Dengan merujuk kepada makna khalwat di atas maka banyak fenomena khalwat yang dapat
dikemukakan. Terutama khalwat yang umumnya kurang diperhatikan oleh masyarakat kita.
Contohnya adalah berduanya seorang pria dengan wanita di atas kendaraan. Walaupun pria
tersebut sedang mengemudikan mobil, misalnya. Keberadaan keduanya di atas mobil memang
kelihatan oleh orang lain. Tetapi pembicaraan antara keduanya tidak didengar oleh siapapun.

Termasuk dalam kategori perbuatan khlawat adalah “khalwat profesi”. Yaitu khalwat yang terjadi
karena “tuntutan” profesi. Konsultan, dokter, perawat, adalah sebagian contoh. Profesi-profesi ini
rentan untuk bisa berdua dengan klien atau pasiennya.

Tidak terkecuali pula, dalam konteks khalwat ini, yang kerap terjadi dalam sebagian masyarakat
adalah khalwat dalam pergaulan dengan kerabat dekat yang bukan mahram. Dalam sebuah
hadits, Rasulullah shallallahu ‘alaihi wasallam bersabda: “Jauhilah kalian masuk ke (ruang)
wanita.” Seorang lelaki Anshar bertanya: “Wahai Rasulullah, bagaimana dengan kerabat suami?”
Beliau menjawab: “Kerabat suami itu (laksana) maut.” (HR. Bukhari) Dalam hadits ini, Rasulullah
menyebut kerabat suami sebagai maut karena dapat menjerumuskan kepada hal-hal yang tidak
dikehendaki. Apalagi jika mengingat kedudukan keluarga suami yang demikian dekat sehingga
jarang menimbulkan kecurigaan dan luput dari perhatian.

Sebagai solusi untuk keluar dari problem khalwat ini adalah dengan bersama dengan pria atau
wanita lain. Demikian menurut Imam Abu Hanifah. Lebih baik lagi jika pria atau wanita tersebut
adalah mahram. “Janganlah seorang lelaki berdua dengan seorang wanita,” Sabda Rasulullah
shallallahu ‘alaihi wasallam, “kecuali dengan mahram.” (HR. Bukhari) Hadits ini bersama hadits-
hadits yang lain memberi makna bahwa kondisi khalwat dapat dihilangkan dengan kehadiran
salah satu lawan jenis lain. Dengan demikian, hilanglah kondisi khalwat yang dapat menimbulkan
fitnah. Tentu saja bila komunikasi atau berkumpulnya antara pria dan wanita tersebut dalam
perkara-perkara yang mubah dan dengan tetap menjaga batasan-batasan syariat yang ada.

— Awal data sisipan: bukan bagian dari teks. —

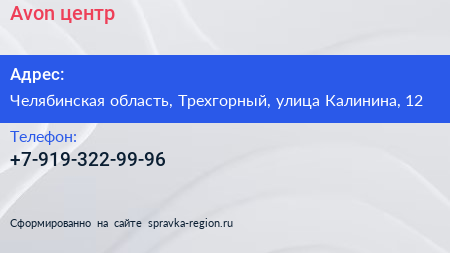 Avon, центр по адресу Челябинская область, Трехгорный, улица Калинина, 12 в дальнейшем Организация, размещена в следующих категориях:

Jika dikaitkan dengan maqashid al-syari’ah (tujuan syariat) yang salah satunya adalah hifzh al-
nasab (menjaga nasab/keturunan), tampak jelas relevansi dan hikmah tuntunan syariat untuk
menghindari khalwat. Keinginan Islam untuk menciptakan jalinan masyarakat yang harmonis,
bersih dari penyimpangan, dan berjalan di atas fitrah yang murni adalah sebagian hikmah di balik
larangan khalwat ini. Wallahu ta’ala a’lam bi al-shawab. (Oleh Ust.Ilham Jaya,Lc.Dikutip dari
Majalah Dakwah Kampus AL FIRDAUS)

Maraji’

- Abdullah ibn Abdurrahman al-Bassam, Taudhih al-Ahkam min Bulugh al-Maram.

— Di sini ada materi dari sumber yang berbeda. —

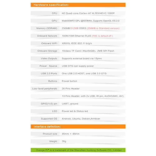 Micvtve per Scheda di Sviluppo Orange Pi Zero LTS 512MB + Custodia Bianca Protettiva, Set Scheda Singola Open Source H3 Quad Core

- Shalih ibn Fauzan al-Fauzan, Tanbihat ‘ala Ahkam Takhtassh bi al-Mu’minat. Diterjemahkan
oleh Rahmat al-“Arifin Muhammad ibn Ma’ruf dengan Sentuhan Nilai Kefikihan untuk Wanita
Beriman.

- Ahmad ibn Abdurrazzaq al-Duwaisy (ed.), Fatawa al-Lajnah al-Da’imah li al-Buhuts al-‘Ilmiyah
wa al-Ifta’.

- Asyraf ibn Abdulmaqshud (ed.), Fatawa al-Mar’ah al-Muslimah.